Senate

Schumer under pressure from Democrats, GOP on China bill

Senate Majority Leader Charles Schumer’s (D-N.Y.) bipartisan bill seeking to improve U.S. competitiveness with China and other countries is attracting barbs from Republicans and progressives alike.

The measure — which is supposed to be a major bipartisan accomplishment for President Biden — now faces a threat of being stalled until after the Memorial Day recess, which would in turn delay the rest of the packed Democratic agenda.

Republicans are threatening to derail the legislation because they’re not getting enough votes on their amendments, including one sponsored by Sen. Mike Crapo (R-Idaho) to extend trade preferences and tariff relief.
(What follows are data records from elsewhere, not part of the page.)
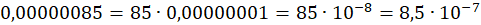 W tym zadaniu przedstaw 85 stumilionowych za pomocą notacji wykładniczej.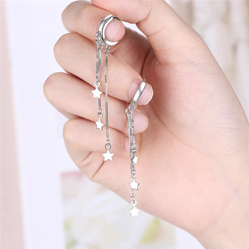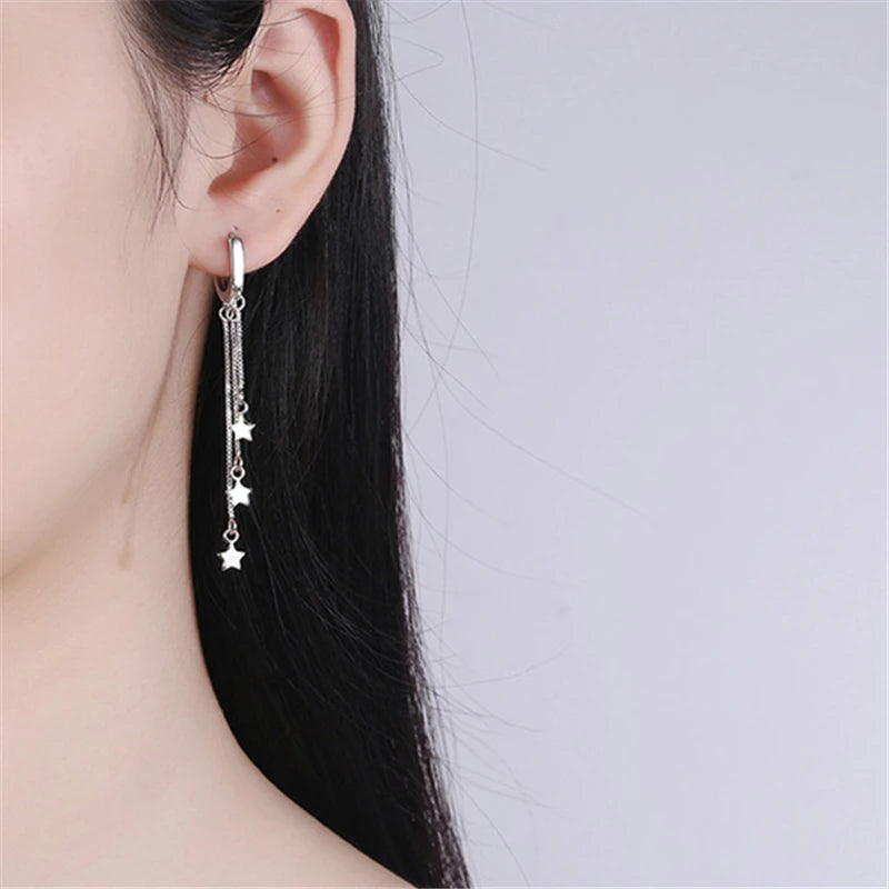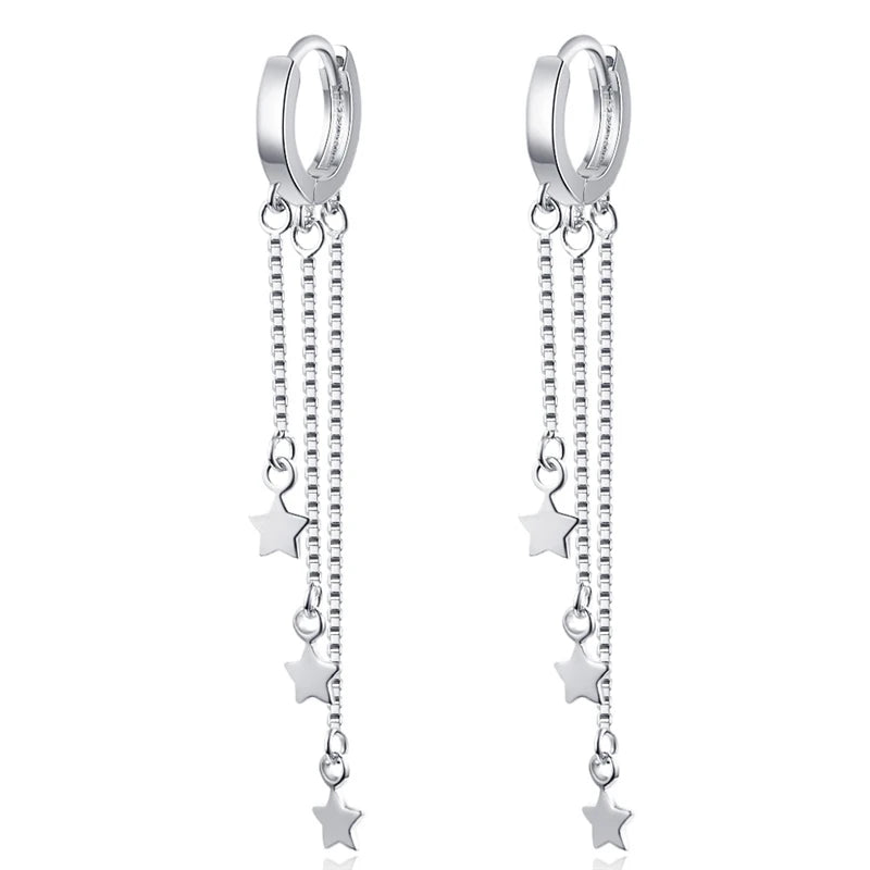 Add a touch of elegance to your look with these stunning 925 sterling silver long tassel star earrings. Perfect for parties, weddings, or as a special gift for a loved one.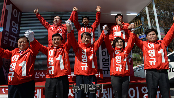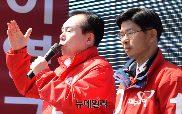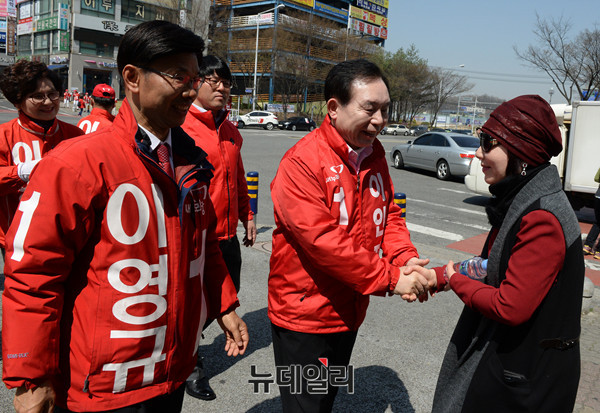 새누리당 중앙선거대책위원회 이인제 공동위원장이 1일 오전 대전 서구 관저동을 찾아 서구 갑 이영규 후보의 지원 유세에 나섰다.

Other Republicans are also demanding votes on their pet priorities. One lawmaker, Sen. Mike Lee (R-Utah), has offered nearly 100 amendments to the bill.

Schumer, however, insists he’s going to stay on schedule.

“We are moving forward in the most bipartisan way that I can, and I’m confident we’re going to pass the bill this week,” he said.

At the same time, the Democratic leader is getting pressure from Sen. Bernie Sanders (I-Vt.) to add conditions to the $52 billion Schumer and other Democrats want to send to U.S. semiconductor manufacturers facing fierce foreign competition.

Sanders says giving $52 billion to Intel and other major semiconductor producers is “corporate welfare.” He wants the federal government to get “a piece of the action” from any future profits reaped by those companies if they receive taxpayer-funded assistance.

“There has to be some negotiation and the taxpayers have got to get something in return,” Sanders said Tuesday.

Sanders is also complaining about language in the bill authorizing $10 billion to Blue Origin, the space flight company founded by Jeff Bezos that recently lost out on a multibillion-dollar NASA contract to SpaceX, which is led by Elon Musk.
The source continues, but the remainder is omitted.